Nullable columns are emitted as a type union — for example ["string", "null"]. A table with a primary key gets list, create, get, update, and delete paths; a table without a primary key gets list and create only (it has no item route); views get the read-only list path.

A products status column written like this:

COMMENT ON COLUMN products.status IS
'Publication state of the product.
@ai: Only ''published'' rows should appear in public listings.
@widget: enum-select';

surfaces in the document as a description of “Publication state of the product.”, an enum of draft / published / archived (from the column’s CHECK list), an x-kozou-ai note carrying the @ai text, and an x-kozou-widget of enum-select. For the full tag grammar — @ai, @widget, @policy, @example — see COMMENT conventions.

@policy text is parsed by @kozou/core and surfaced in the OpenAPI document as an x-kozou-policy extension (on the table/view and column schemas). It is advisory metadata for AI agents and clients — @kozou/api does not enforce it. Access control is the job of your PostgreSQL row-level security; see Security boundary below.

@kozou/api runs zero-auth on loopback by default, and adds an opt-in JWT + RLS layer when you configure one.
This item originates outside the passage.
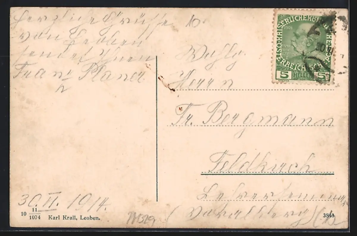 alte Ansichtskarte, gelaufen 1914, Stempelspur, guter Zustand

Its defaults are built for a trusted boundary — local development, or a private compose network:

  • Loopback by default. The server binds to 127.0.0.1. When you run it through kozou dev, it is reached only by the Admin UI’s server-side fetch on the same host. A loud warning is printed if the server is ever bound to a non-loopback host.
  • Zero-auth unless configured. With no auth config, there is no authentication layer — do not expose it beyond a trusted boundary.

Two safety properties hold regardless of where it runs:

  • Identifier allowlisting. Table, view, and column identifiers are validated against the introspected Schema Context — an allowlist — before any query is built, and are quoted defensively.
  • Parameterized values. All user-supplied values are passed as parameterized query arguments; values are never interpolated into SQL text.
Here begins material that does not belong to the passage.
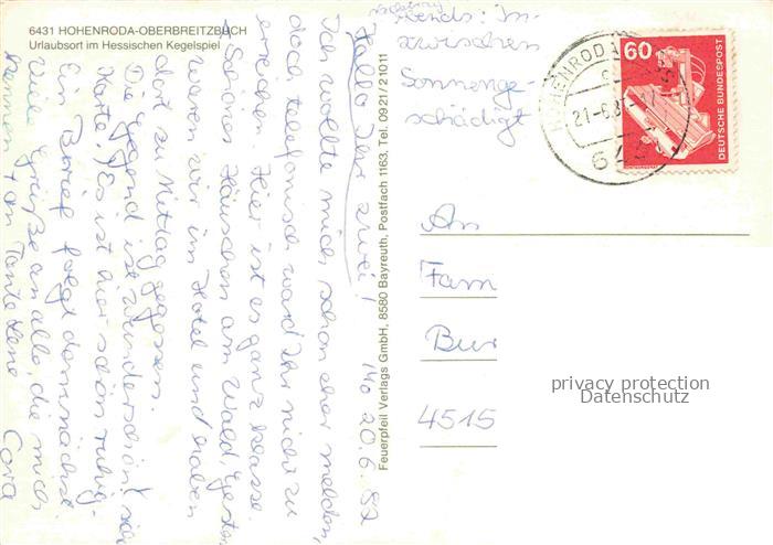 74042687 alte Postkarte Oberbreitzbach Panorama Feriendorf Schloss Hotel Tennisanlage postalisch gelaufen Erhaltung siehe scans [FriedD77] KatCode: 11110006632010

Pass an auth config (see kozou.config.yaml) and @kozou/api verifies a signed JWT (HS256 / RS256 / remote JWKS) on each request, then runs that request inside a transaction under SET LOCAL ROLE <role-from-claim> with the claims published via request.jwt.claims. Your own PostgreSQL row-level-security (RLS) policies then decide what each request can read and write. A request with no token is rejected with 401 unless you configure an anonymous role (anonRole), in which case it runs under that role with empty claims; a present-but-invalid token is always 401.

Kozou verifies tokens and switches role; issuing identity (registration, login, token minting) is delegated to an external provider — see Authentication and authorization.